The disclosure was included in the Federal Deposit Insurance Corp.'s midyear earnings report and confirmed Tuesday by a Treasury official. The FDIC said the fund has already spent $104 million settling four cases.

The FSLIC Resolution Fund was created in 1989 to execute the thrift industry bailout. Administered by the FDIC, the fund has about $2.7 billion in cash and appropriated funds available to pay goodwill-related damage claims.

The goodwill litigation stems from the government's decision to let thrifts count goodwill as capital if they acquired ailing peers. Congress voided those deals in 1989, causing scores of thrifts to fail and generating more than 100 breach-of-contract suits. The Supreme Court in 1996 said the government was liable, and a judge is expected to make the first damages award early next year.

A Treasury official said the Justice Department's office of legal counsel, which provides legal opinions to government agencies, ruled last month that the FSLIC fund is responsible for any judgments. The Treasury informed the FDIC of the ruling in late July, the official said.

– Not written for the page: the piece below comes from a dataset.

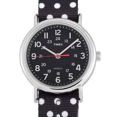 This is the Timex Weekender timepiece, reference number TW2R63000.The watch is presented with a 38 mm silver-tone brass case that features stainless steel back. The case offers water resistance of 30 meters and is mounted onto a reversible nylon slip-through strap (black with white polka dots on one side and solid black on the other), secured on the wrist with a tang buckle. The black INDIGLO® dial with Arabic numerals features central hours, minutes and seconds. The watch is equipped with a quartz movement.This timepiece is offered in an unworn condition and includes the manufacturer’s box and papers.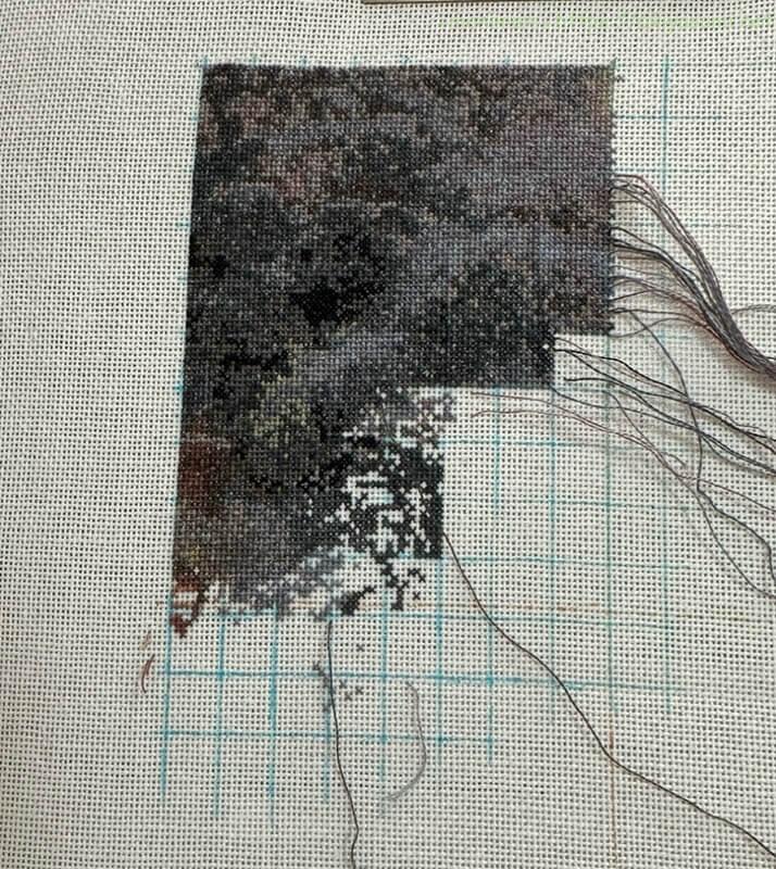 自分で刺していて驚いたのが、「本当に絵画のような絵ができあがるのだなぁ」という感想。目が細かいため色変えがとても大変ですが、絵が浮かび上がってくると感動します。

In its earnings report, the FDIC warned that the FSLIC fund would go broke if forced to pay all goodwill judgments, which could exceed $20 billion. "Congress may need to appropriate additional funds," the FDIC said.

Lawyers involved in goodwill litigation were split on the significance of the decision. Rosemary Stewart, a partner in the Washington office of the Spriggs & Hollingsworth law firm, said claims should be paid from the Justice Department-administered judgment fund. "If any other fund is the source of your payment, there is no guarantee that you will get your money," she said.

But Charles J. Cooper, a partner at the Washington law firm Cooper, Carvin & Rosenthal, said he expects the government to make good on any judgment, no matter where the funds come from.

James Chessen, chief economist at the American Bankers Association, said he is concerned that someday policymakers will want to tap the deposit insurance funds' $38.5 billion in reserves.